* Required action *
Stop after the line holding "Richtung Fulda-Tal ziehen". Repeat exactly every line before it in the records below, that line too, and leave out the pictures.

(Data)

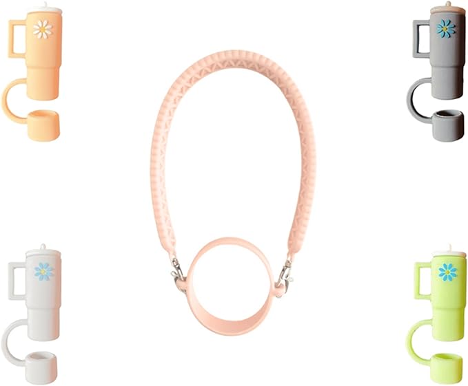 Stanley Accessories Water Bottle with Strap Bottle Sling Carrier with Handle Attachment Fits Most 8-40oz Tumbler & Stanley + 4Cute Straw Covers 3D Straw Toppers Gift Set-Cup
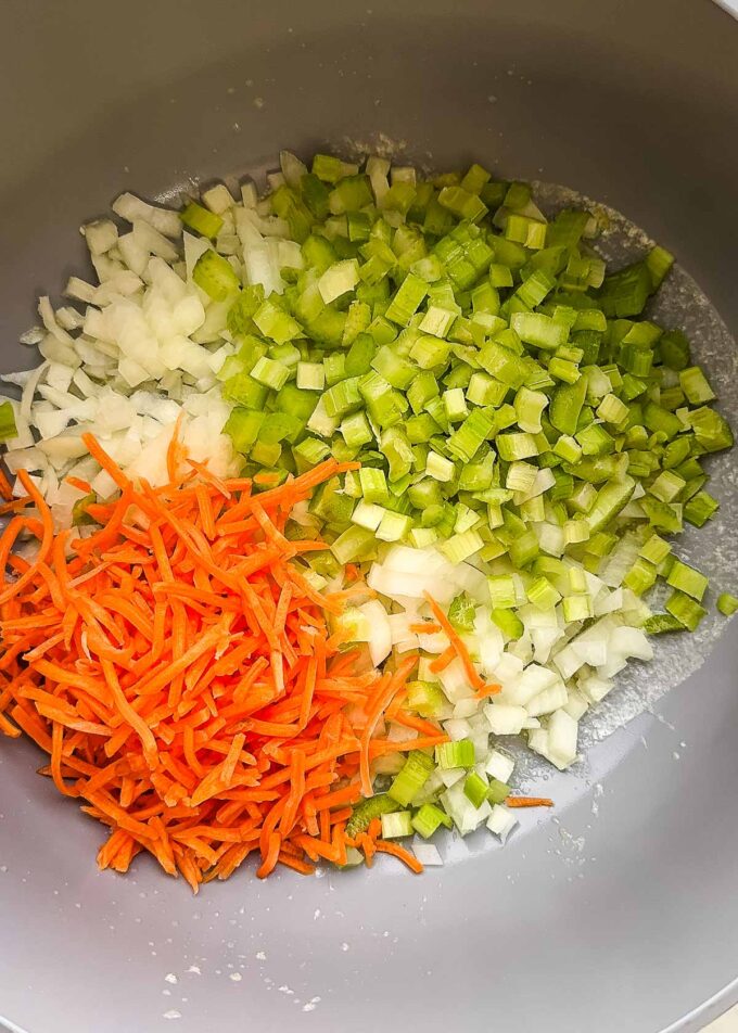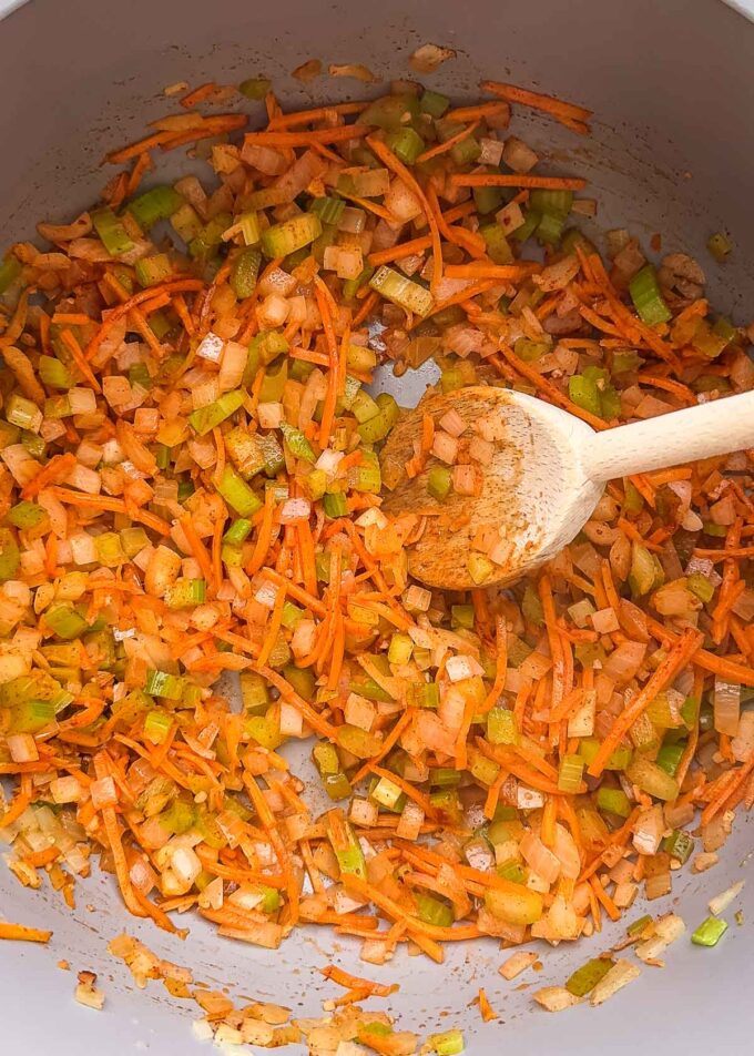 - Add onion, celery, and carrots. Cook for 8-9 minutes until soft.
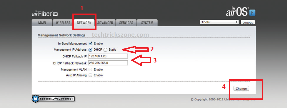 airFiber configures with default IP 192.168.1.20 so every device must have a unique IP Address. In point-to-point radio, both location airFiber devices should have different IP Addresses. You can Change IP Address from the Network tab by following below instructions.
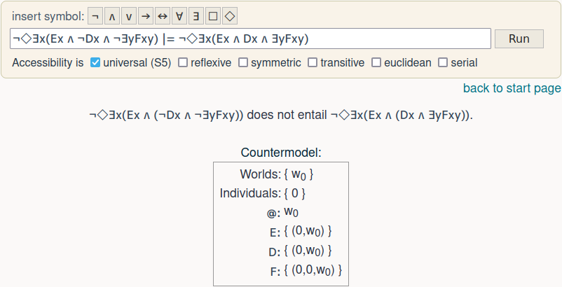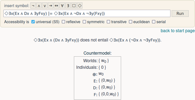 ◇∃x(Ex ∧ Dx ∧ ∃yFxy) |= ◇∃x(Ex ∧ ¬Dx ∧ ¬∃y(Fxy))
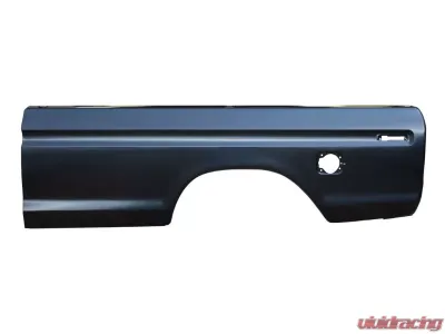 Reproduction outer bedside panel with single gas hole for the 73-79 Ford F100 Styleside Long Bed, 73-79 Ford F150 Styleside Long Bed & 73-79 Ford F250 Styleside Long bed model trucks. This is the outer panel only. This does not include the inner structure.
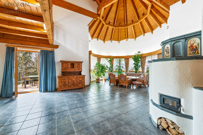 - Wohnzimmer mit Turmausbildung und Kachelofen, Sonnenterrasse mit Markise
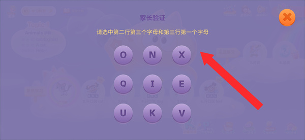 2、在家長(zhǎng)驗(yàn)證界面,根據(jù)提示選中字母完成驗(yàn)證。
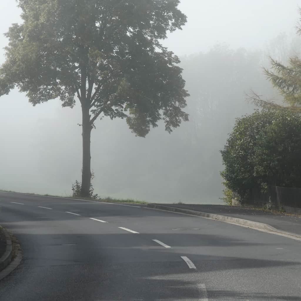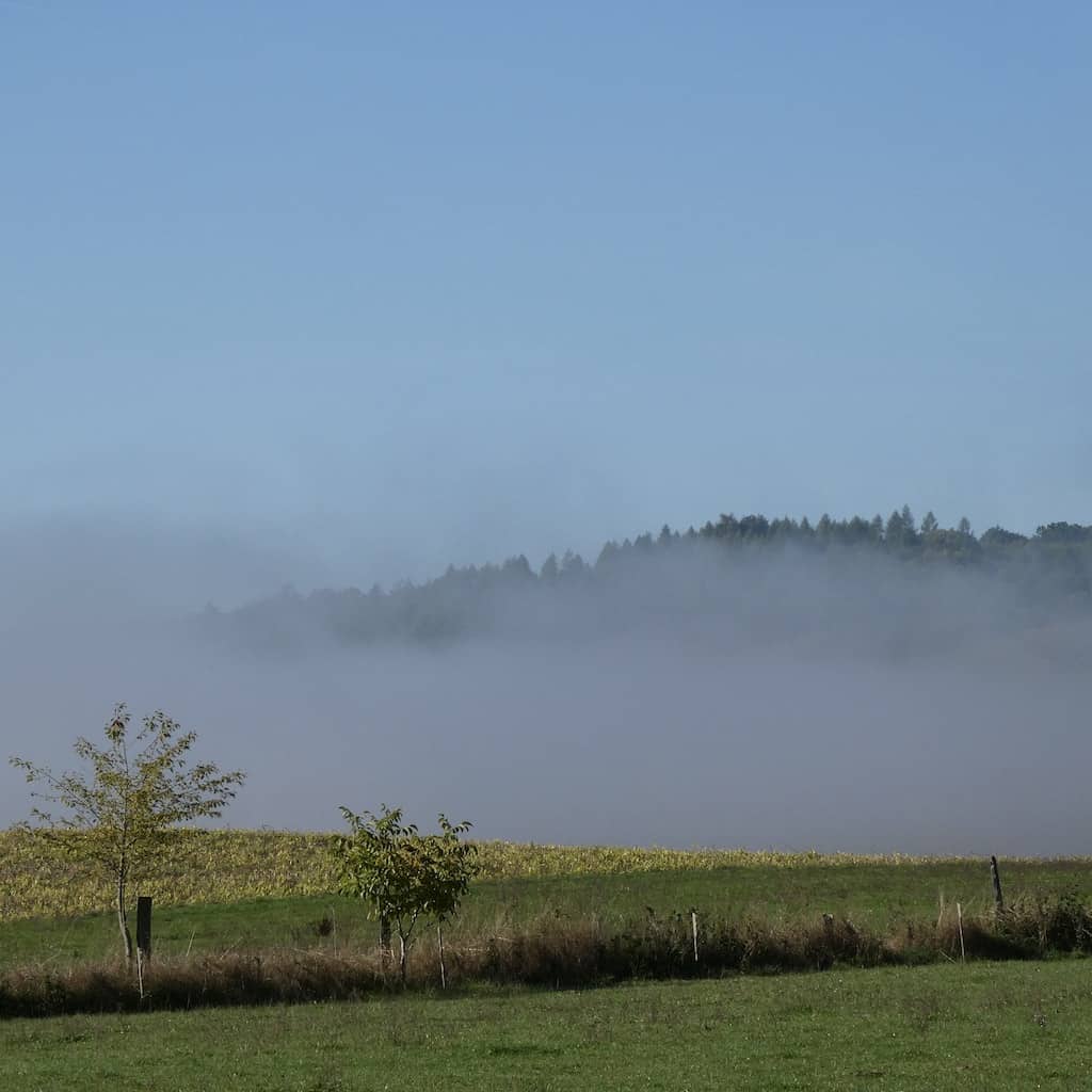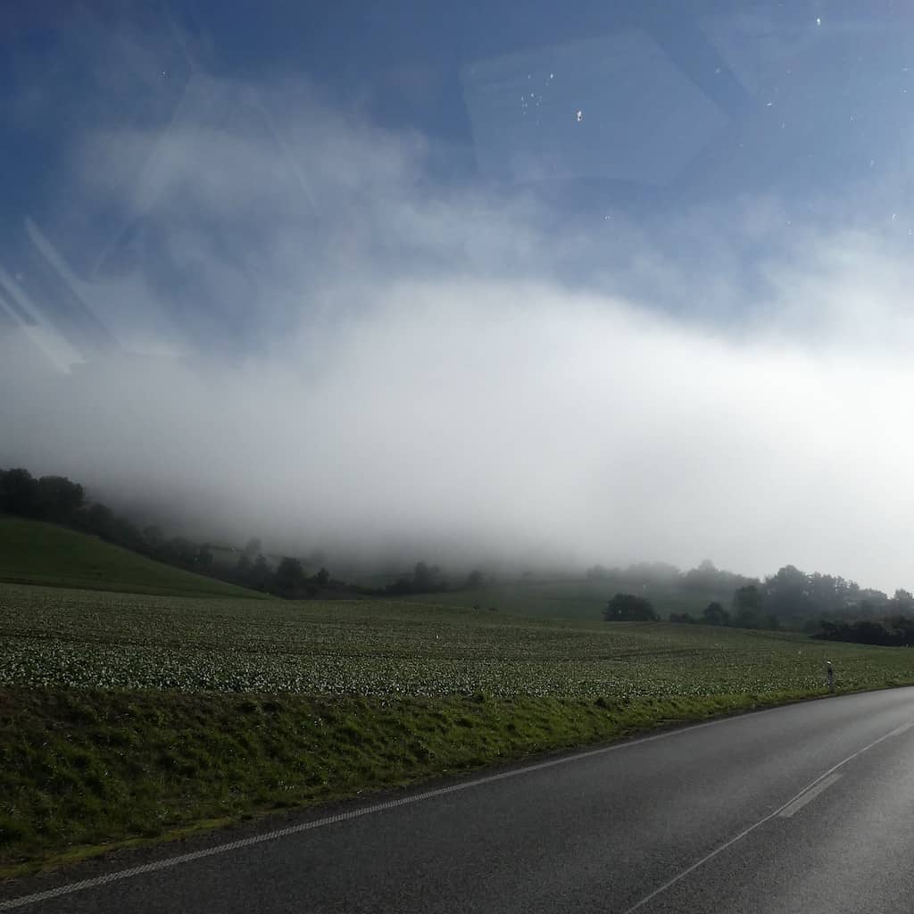 Richtung Fulda-Tal ziehen plötzlich Nebelschwaden über’s Land.
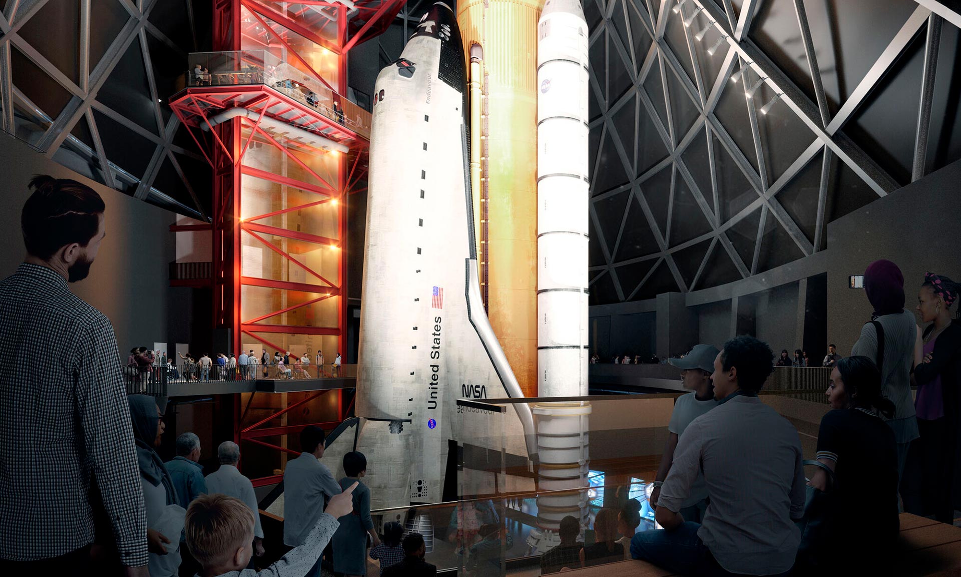 „Hlavní atrakcí Air and Space Center bude raketoplán Endeavour, který byl součástí programu průzkumu vesmíru v letech 1992 až 2011 a který byl nadaci California Science Center Foundation darován agenturou NASA. Raketoplán Endeavour bude vystaven s kompletním raketoplánovým systémem, jako by byl připraven ke startu, spolu s dalšími exponáty, které zkoumají principy vědy, technologie, inženýrství a matematiky související s programem raketoplánů, stejně jako interaktivní vědecké exponáty, zážitkové expozice a historické letecké a kosmické artefakty. Po dokončení bude toto místo jediným místem na světě, kde se veřejnost bude moci zblízka seznámit s raketoplánem v pozici pro start,“ uváděli před dokončením stavby k projektu architekti.
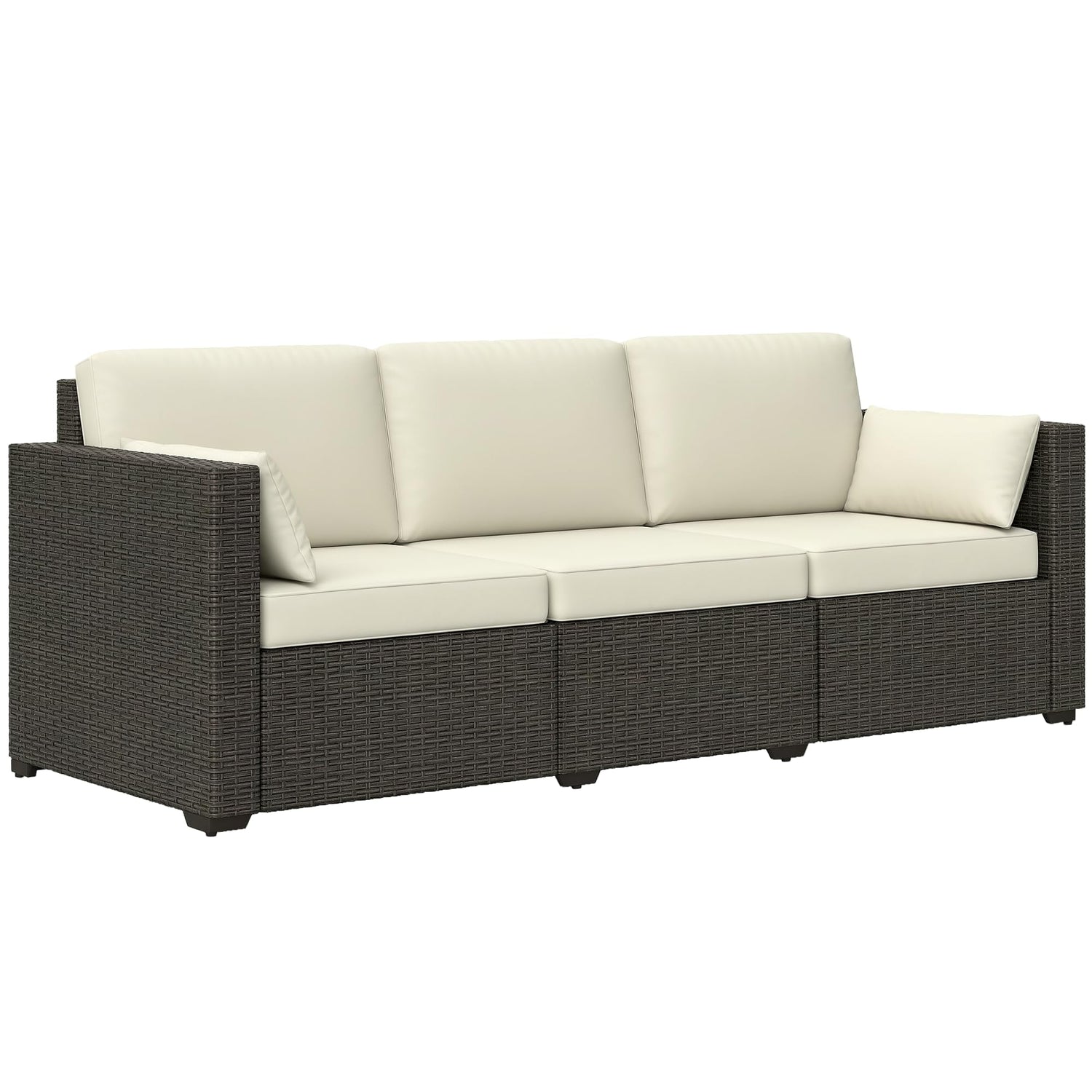 Outsunny Patio Couch PE Wicker Deep Seating Outdoor Sofa with Removable Cushions, 3 Seater Rattan Sofa, Outdoor Furniture for Balcony, Deck, Garden and Poolside, Cream White

(End Data)

* Final answer *
 Stanley Accessories Water Bottle with Strap Bottle Sling Carrier with Handle Attachment Fits Most 8-40oz Tumbler & Stanley + 4Cute Straw Covers 3D Straw Toppers Gift Set-Cup
 - Add onion, celery, and carrots. Cook for 8-9 minutes until soft.
 airFiber configures with default IP 192.168.1.20 so every device must have a unique IP Address. In point-to-point radio, both location airFiber devices should have different IP Addresses. You can Change IP Address from the Network tab by following below instructions.
 ◇∃x(Ex ∧ Dx ∧ ∃yFxy) |= ◇∃x(Ex ∧ ¬Dx ∧ ¬∃y(Fxy))
 Reproduction outer bedside panel with single gas hole for the 73-79 Ford F100 Styleside Long Bed, 73-79 Ford F150 Styleside Long Bed & 73-79 Ford F250 Styleside Long bed model trucks. This is the outer panel only. This does not include the inner structure.
 - Wohnzimmer mit Turmausbildung und Kachelofen, Sonnenterrasse mit Markise
 2、在家長(zhǎng)驗(yàn)證界面,根據(jù)提示選中字母完成驗(yàn)證。
 Richtung Fulda-Tal ziehen plötzlich Nebelschwaden über’s Land.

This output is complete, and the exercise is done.